>>

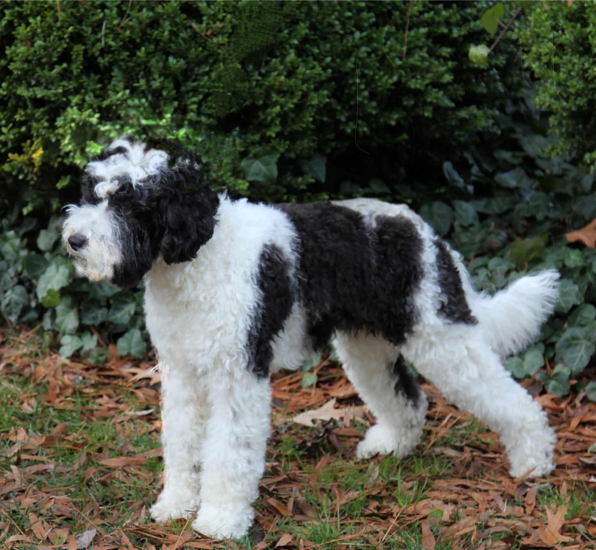 Date of Birth: 14 April, 2022- Color and Coat Type: Black & White Parti; soft wavy fleece coat
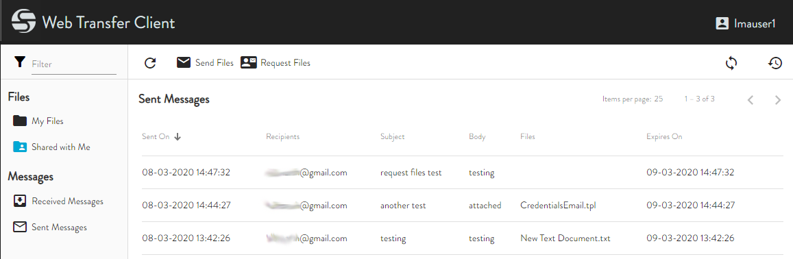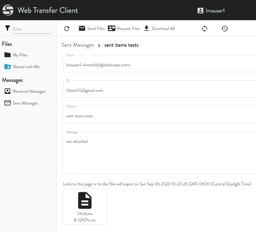 Workspaces users can view a list of the messages they have sent, and their attachments. Once the items expire (if the EFT or user have set an expiration), those items are no longer viewable.
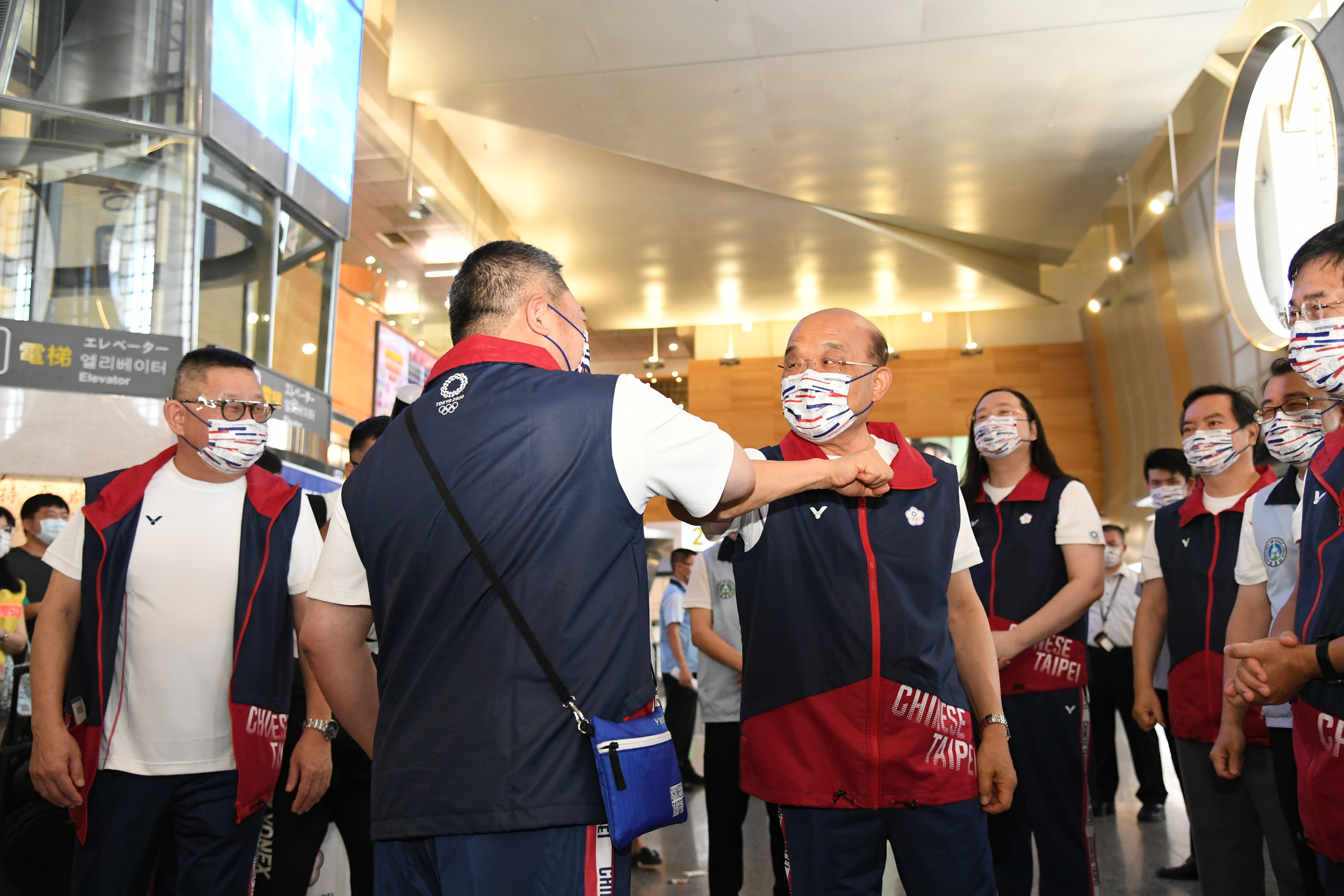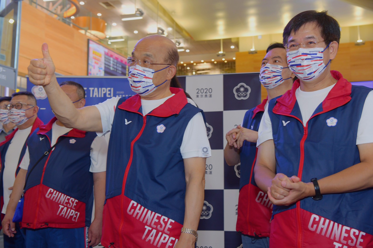 為臺灣選手加油,行政院長蘇貞昌今(19)日特別身著我國2020東京奧運會代表團團服,赴松山機場歡送我國代表團。院長表示,政府在體育各方面投入資源,像是體育場所、國家運動中心等培訓設施及客製化訓練等,而......【詳全文】

<<

• _WHAT THE EXERCISE ASKS_: Transcribe only the lines between the line containing "Workspaces users can" and the final line of the listing, inclusive, exactly as they appear; no pictures are to be included.

• _OUTPUT OF THE EXERCISE_:
 Workspaces users can view a list of the messages they have sent, and their attachments. Once the items expire (if the EFT or user have set an expiration), those items are no longer viewable.
 為臺灣選手加油,行政院長蘇貞昌今(19)日特別身著我國2020東京奧運會代表團團服,赴松山機場歡送我國代表團。院長表示,政府在體育各方面投入資源,像是體育場所、國家運動中心等培訓設施及客製化訓練等,而......【詳全文】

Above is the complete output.